Each family has a fat, **** Mum smoking in the garden wearing a bathing suit, telling young Jordan and Liam to “GET INSIDE!” as they piss freely in the road whilst fighting.

If you ever drive through Chickenly, you need to be careful not to run over any young ***** in the middle of the road. Sometimes they refuse to move and give you finger signs, so rev your engine and watch them run.

Every **** Family has a dog of course. However, they don’t take them out in the large fields. They keep them in the gardens to ***** everywhere and bark at people, or just let out to roam the streets.

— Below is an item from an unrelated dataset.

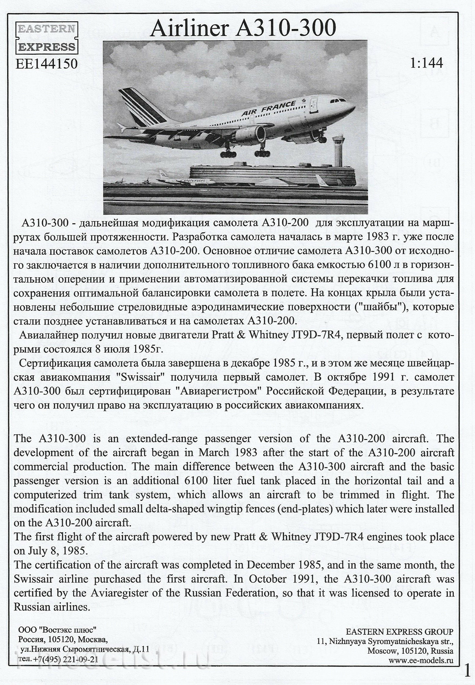 144150-3 Orient Express 1/144 Airliner A310-300 AIR TRANSAT

There is a park, of course. The swings no longer exist, just an empty wooden frame, and the Kirklees Council can’t clean up the mess they made, because they’ll get ‘decked’.

The park is situated in the middle of a dog-****-sodden field, and there are always the **** teens smoking, taking drugs and *******.

A recent incident occured in Chickenly to a poor innocent boy. The wood which lead from Chickenly to Cleckheaton, a nearby less-****** town, is a metropolis for young ***** to mug some old ladies for some cigs. Recently, a young child was taken from his garden by a group of 11-12 year old *****, beaten up and **** by his neck from a tree. Luckily, he was found in time.

DON’T GO TO CHICKENLY!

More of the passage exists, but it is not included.